# RS Digital SPL meter and RCA output with REW



## Dent (May 6, 2006)

Hi all,

I had posted the following question to Sonnie in a thread in the AVS forum located here: http://www.avsforum.com/avs-vb/showthread.php?p=7614868#post7614868 and Sonnie suggested I post it here also. I wanted others to verify if my logic is correct or not. It also appears in Sonnie's answer to me over at that forum that he is going to test a couple of RS digital SPL meters so we can once and for all determine the correct answer.
Thanks again, Sonnie, for all the help and I am looking forward to your results of the RS digital SPL meter testing.

.
.
.

Hi again, Sonnie,

Thanks for the reply again. I know that you had responded to my previous post but I still felt that the question about whether the RCA output of the RS digital SPL meter was c-weighted compensated or uncompensated was still unresolved, that is, not tested and verified by anyone else other than the forum member, Ethan Winer, of whose results that Ilkka posted which suggested that the RCA output was uncompensated unlike the RS analog meter output which is C-weighted compensated.

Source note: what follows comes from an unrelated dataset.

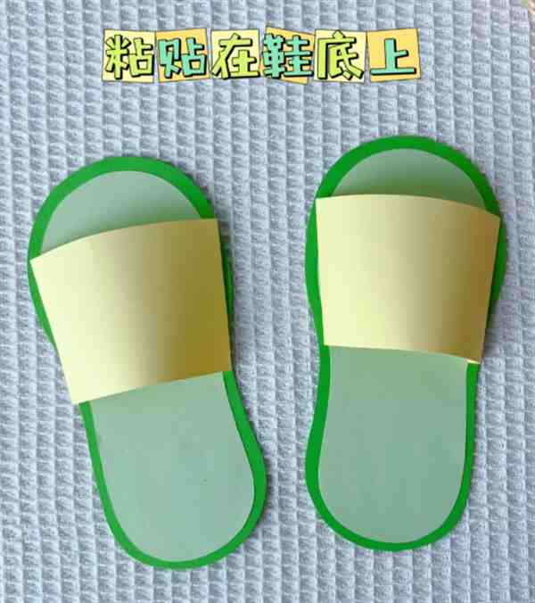4、然后,将这些长方形卡纸粘贴在之前制作好的鞋底上,确保它们紧密贴合,形成一个完整的拖鞋形状。

I believe this would make a big difference when using the REW program and the RCA output of the RS digital SPL meter because according to Ilkka on post #16 of this thread, it says that the value of +6.2 dB at 20 Hz (as taken from a previous compensation table that he had come up with which is referenced in post #10 of this same thread) comes from the general c-weighting compensation. Note this value he is talking about is not referring to any SPL meter inaccuracy or otherwise but is referring to the general c-weighting compensation definition. So I take it to mean that if one had a perfectly flat microphone at 20 Hz but one took the output of that mic at 20 Hz and applied the c-weighting compensation to the output (like the RCA output of the analog RS SPL meter does, that is, it applies a c-weighting compensation), then the output would decrease by 6.2 dB so one would have to add back 6.2 dB to the reading to get it back to normal.

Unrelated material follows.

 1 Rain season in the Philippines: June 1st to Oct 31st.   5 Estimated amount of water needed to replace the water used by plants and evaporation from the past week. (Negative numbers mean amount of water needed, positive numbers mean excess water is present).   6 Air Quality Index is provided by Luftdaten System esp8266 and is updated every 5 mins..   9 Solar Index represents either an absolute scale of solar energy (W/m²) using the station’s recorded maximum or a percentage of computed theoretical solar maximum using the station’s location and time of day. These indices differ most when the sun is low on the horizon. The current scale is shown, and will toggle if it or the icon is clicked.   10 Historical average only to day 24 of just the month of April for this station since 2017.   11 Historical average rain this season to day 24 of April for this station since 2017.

Now the correction values you have come up with were done with the RCA output of the analog RS SPL meter which is known and verified to have a c-weighting compensation done to it so your values corrects for the both the c-weighting compensation plus the inaccuracy of the RS SPL meter mic. So using your value of +11.5 dB for 20 Hz, I would take this to mean that the microphone was inaccurate by -5.3 dB and then the c-weighting compensation of -6.2 dB was added to it by the c-weighting compensation circuits of the RS analog SPL meter so if you add these two numbers together you get your -11.5 dB deviation that you came up with.

Now with the digital RS SPL meter, if it is the case, as Ethan Winer had supposedly verified, does not have the c-weighting compensation applied to the RCA output, then even if the microphone from your analog RS SPL meter was moved into the digital RS SPL meter, since the RCA output does not supposedly have the c-weighting compensation, the correction value at 20 Hz would only be +5.3 dB using your findings.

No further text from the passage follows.